Police department division

A major case squad is a division within some police departments. The detectives of these divisions typically investigate crimes beyond the scope of normal squads. These functions vary from department to department.

==New York City Police Department==
The major case squad of the New York City Police Department is located at One Police Plaza in Manhattan, New York City. The squad investigates the following types of cases:

- Art theft
- Burglary or attempted burglary of a bank or bank safe
- Burglary of truck contents over $100,000
- All commercial burglaries in which the value of the property stolen exceeds $100,000
- Kidnappings, as directed by the Chief of Detectives
- Larceny by extortion, or attempted larceny by extortion, from a bank
- Larceny of truck contents over $100,000.
- Robbery, or attempted robbery, of a bank by an armed perpetrator
- All robberies in warehouse depots, or similar locations, where the objects of the crime is a truck or its contents
- Robbery of truck and contents by hijacking

The New York City Major Case Squad does not normally investigate homicides: Those are generally conducted by precinct detective squads and borough homicide squads; the exceptions involve homicides committed by violent criminal organizations that fall under larger federal RICO investigations and prosecutions, as well as the murder of police officers.

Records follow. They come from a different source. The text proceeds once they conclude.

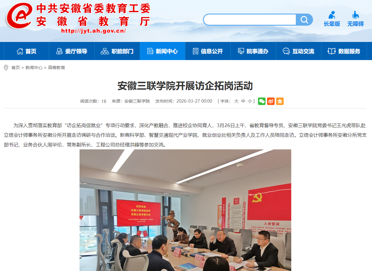 • 为深入贯彻落实教育部“访企拓岗促就业”专项行动要求,深化产教融合、推进校企协同育人,3月26日上午,省教育督导专员、安徽三联学院党委书记王光虎带队赴立信会计师事务所安徽分所开展走访调研与合作洽谈。新商科学部、智慧交通现代产业学院、就业创业处相关负责人及工作人员陪同走访。立信会计师事务所安徽分所党支部书记、业务合伙人周华伦,常务副所长、工程公司总经理洪峰等参加交流。
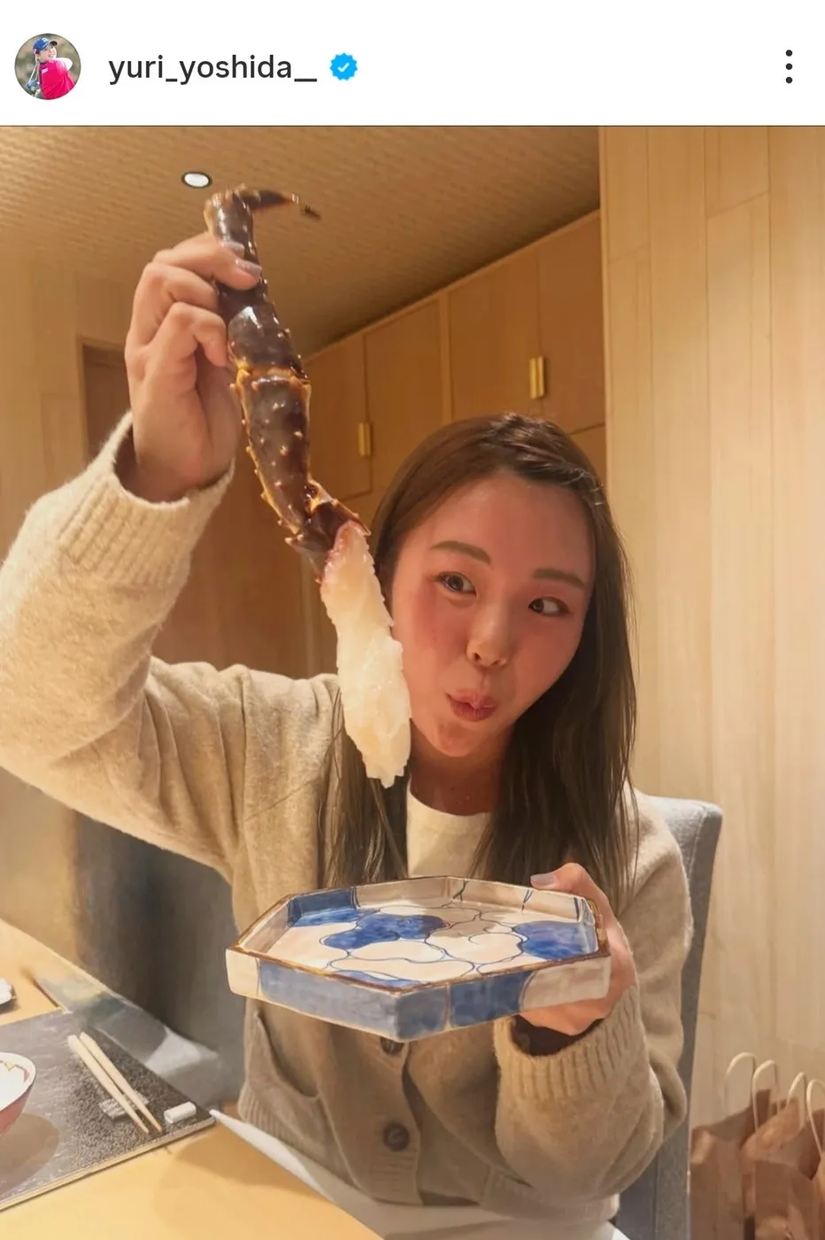 大きなカニの足を嬉しそうに見つめる吉田優利【写真:吉田優利のInstagram(@yuri_yoshida__)より】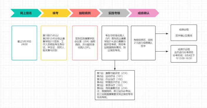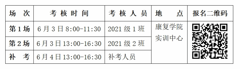 2.在考核过程中,只要有1站考核不及格,则认定本次技能考核不合格,需于当日报名补考,翌日统一参加补考,补考流程与正式考试相同,按要求完成全部实践操作后,仍取平均成绩作为最终考核成绩。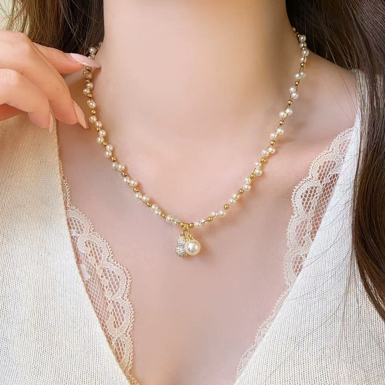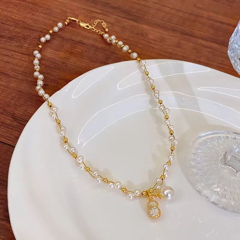 秋冬新款复古法式珍珠项链女高级感锆石葫芦锁骨链精致网红风颈链 English | 投诉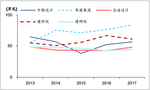 建筑設(shè)計主要公司歷年人均產(chǎn)值(萬元)

On the matter of the homicides of police officers, the major case squad was originally formed in response to the wave of assassinations of police officers in the late 1960s and early 1970s. The ultimate responsibility for any homicide case in NYC rests with the precinct detective squad concerned, but the major case squad has historically played a large and important role in the investigation of any homicide of an NYC police officer.

==St. Louis==
The Major Case Squad of Greater St. Louis was formed in 1965 and is a multi-departmental unit charged with investigating major crimes in six Missouri and four Illinois counties. The squad brings together specially trained, and highly experienced investigators and averages an 80% clearance rate.